I was recently having breakfast with a friend and business associate, and as we were leaving, I commented that it looked like he had lost quite a bit of weight. He said he lost 45 to 50 pounds since the last time I had seen him about six months before. I asked him how he did it, expecting either a major increase in an exercise program (I already knew he liked to walk quite a bit), or some structured diet program that we’ve all heard of, or possibly even one of the newer trends like time-restricted eating. Instead what he told me surprised me in its simplicity. He said every morning he wrote down the date and how much he weighed, and then throughout the day he wrote down what he ate. He didn’t count calories or anything like that, simply what he ate. He also said he didn’t restrict himself from anything. He said something like, “If it’s your birthday and there’s cake, I’m going to have cake. But then later in the day maybe I’d swap in a salad instead of something else I might’ve eaten knowing I had cake.”
When I thought about this and why it could work, it made total sense — it was really just becoming aware.

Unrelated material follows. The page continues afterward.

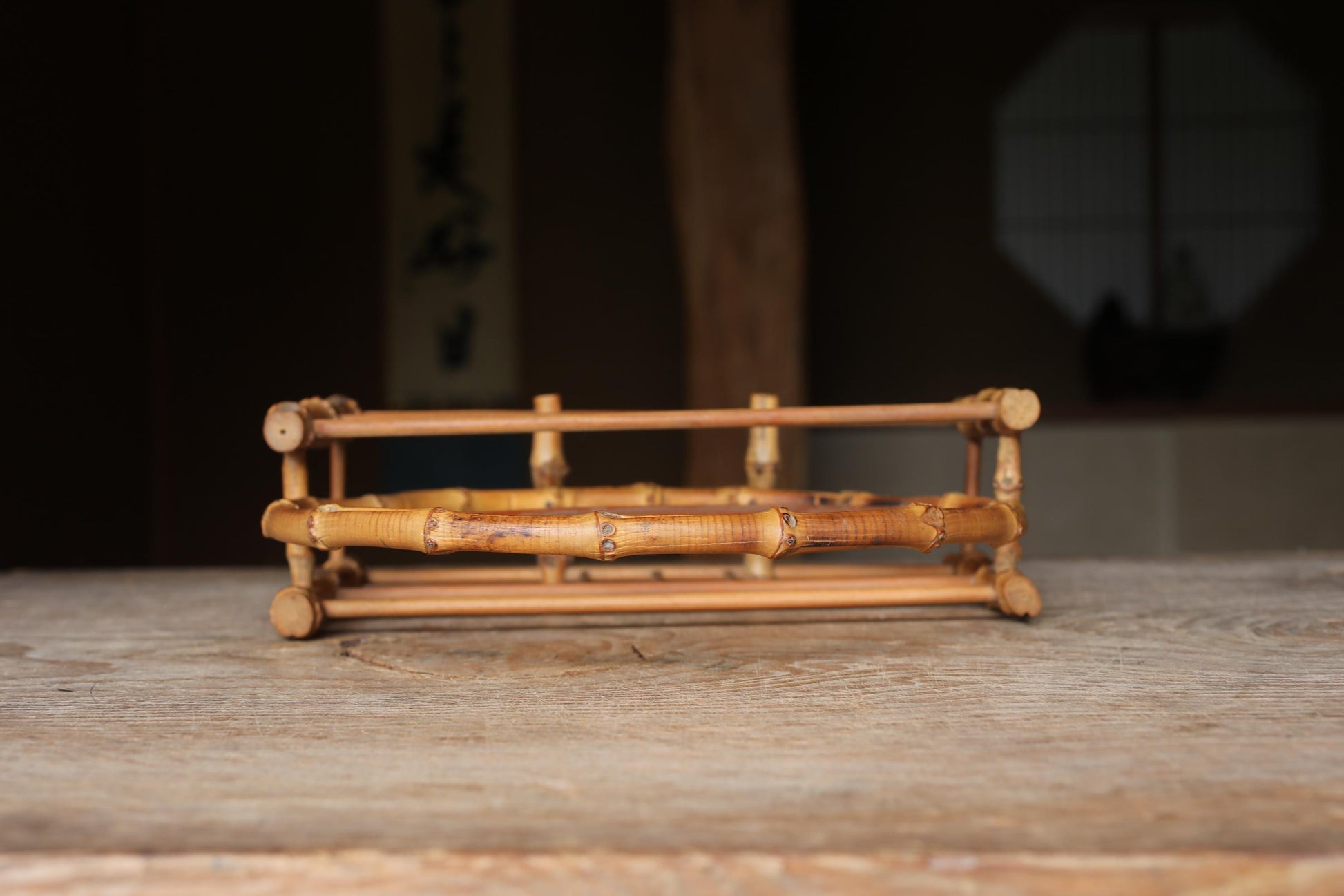 Made entirely by hand using bamboo as the material. As a craft material, bamboo is used as is, or processed into thin sheets or bark. This fan stand features a striking round shape and a design that makes use of the bamboo joints. Some wood is also used. Its cool atmosphere makes it ideal for summer.
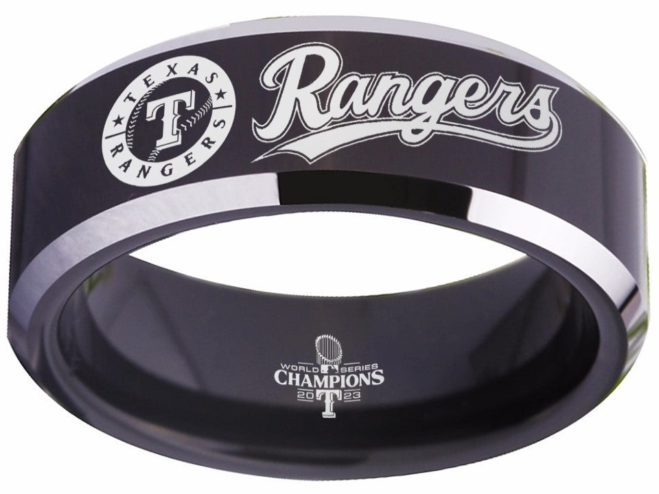 Capture the true essence of Texas Rangers fandom with our exquisite Black and Silver Texas Rangers 2023 World Series Championship ring. Crafted with precision and passion, this stylish ring features the iconic team logo in striking silver against a sleek black backdrop. Made of durable tungsten, it symbolizes strength and everlasting commitment—a perfect representation of your love and loyalty. Personalize this ring with custom engravings, adding a touch of sentiment to commemorate your special day. Available in sizes 4 - 17, this exclusive wedding band is the ultimate choice for devoted Rangers fans looking to celebrate their love and team spirit in a truly unique way.

And that’s essentially how he described it to me: being aware of what he was eating caused him to make thoughtful decisions.
This is very analogous to many business adages about management and productivity, such as, “what gets measured gets managed” and “inspect what you expect.” The people I work with know I love data, sometimes to a fault. But this is one way data and information can have a huge impact on results. I’ve written before about how 99% of people want to do good, but, as a manager, you have to tell them what good looks like so you’re on the same page. But in thinking about how this “Awareness Diet” worked, I like the idea of taking it a step further to show them what is happening, and what good actually and visibly looks like. My friend obviously had previously known what he was consuming, but when he saw it written in black and white, it had an impact.
I’m all about the scoreboard and if production or bottom line performance is good, that’s fine. However, when performance isn’t good, you need to dig a little deeper beyond performance or actual results to examine the specific activities required to achieve the results.
Since I come from a sales background, I’ll use a sales management example. In financial services sales, like many other relationship-based and service business sales, it’s a long sales cycle – I’m talking years. So to measure only actual sales made, you’d have to look over a multi-year timeframe, which doesn’t work from a sales management perspective. The manager – and, just as importantly, the salesperson – needs to look at the critical activities that lead to sales. Those might be phone calls made, prospect meetings held, proposals made, etc. By creating a visible scorecard of the few critical activities that lead to the desired results, the employee will be acutely aware of what good looks like.
This may seem like more work as a manager with more information and data to comb through, but I would advocate for using the data in a “management by exception” way. If somebody’s putting the winning results on the scoreboard for their bottom line performance, there’s no problem and there’s nothing to do about it (except giving them props!). But if they’re not achieving the required bottom line results and the requisite activities to achieve results are also lacking in their quality or quantity, then you have something you should be talking about.
If you’re a manager and you want to go further with this concept, there’s a very good book about management and execution called The 4 Disciplines of Execution by Chris McChesney, Sean Covey, and Jim Huling. In the book, they explain further lagging indicators (results) and leading indicators (activities) and how to develop what they call a “Player’s Scorecard.” I’d highly recommend it as a way to simplify the complexity of execution and make everyone aware!